───── Material provided ─────

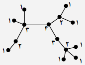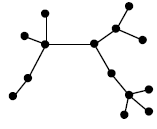 میخواهیم به هر کدام از نقطههای توپر در شکل مقابل٬ یکی از اعداد ۱ تا $k$ را تخصیص دهیم به طوری که هر مسیری که دو نقطه با شمارههای یکسان $i$ را به هم وصل میکند٬ از حداقل یک نقطه با شمارهی بیشتر از $i$ عبور کند. کمترین مقدار $k$ چه قدر است؟
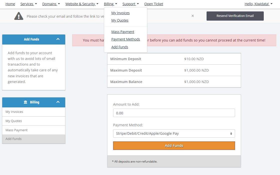 To add funds in the Client Area:
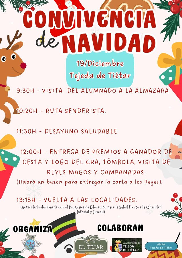 El pasado viernes 19 de diciembre tuvo lugar la convivencia del primer trimestre del CRA. VERA TIÉTAR en la localidad de Tejeda de Tiétar. A lo largo de la mañana se llevaron a cabo actividades en relación al Programa de Educación para la Salud frente a la Obesidad Infantil y Juvenil 2025/2026 al que está adscrito el centro y donde el aceite fue el eje vertebrador del día como producto saludable y cercano al alumnado:
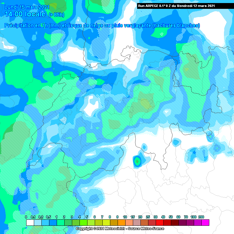 Echéance max. : 102h pour le 00Z, 72h pour le 06Z, 114h pour le 12Z, 60h pour le 18Z

─────

- Task details: Going from the line with "El pasado viernes" to the last line of the listing, write out each line exactly and nothing else. Leave out all pictures.

- Exercise solution:
 El pasado viernes 19 de diciembre tuvo lugar la convivencia del primer trimestre del CRA. VERA TIÉTAR en la localidad de Tejeda de Tiétar. A lo largo de la mañana se llevaron a cabo actividades en relación al Programa de Educación para la Salud frente a la Obesidad Infantil y Juvenil 2025/2026 al que está adscrito el centro y donde el aceite fue el eje vertebrador del día como producto saludable y cercano al alumnado:
 Echéance max. : 102h pour le 00Z, 72h pour le 06Z, 114h pour le 12Z, 60h pour le 18Z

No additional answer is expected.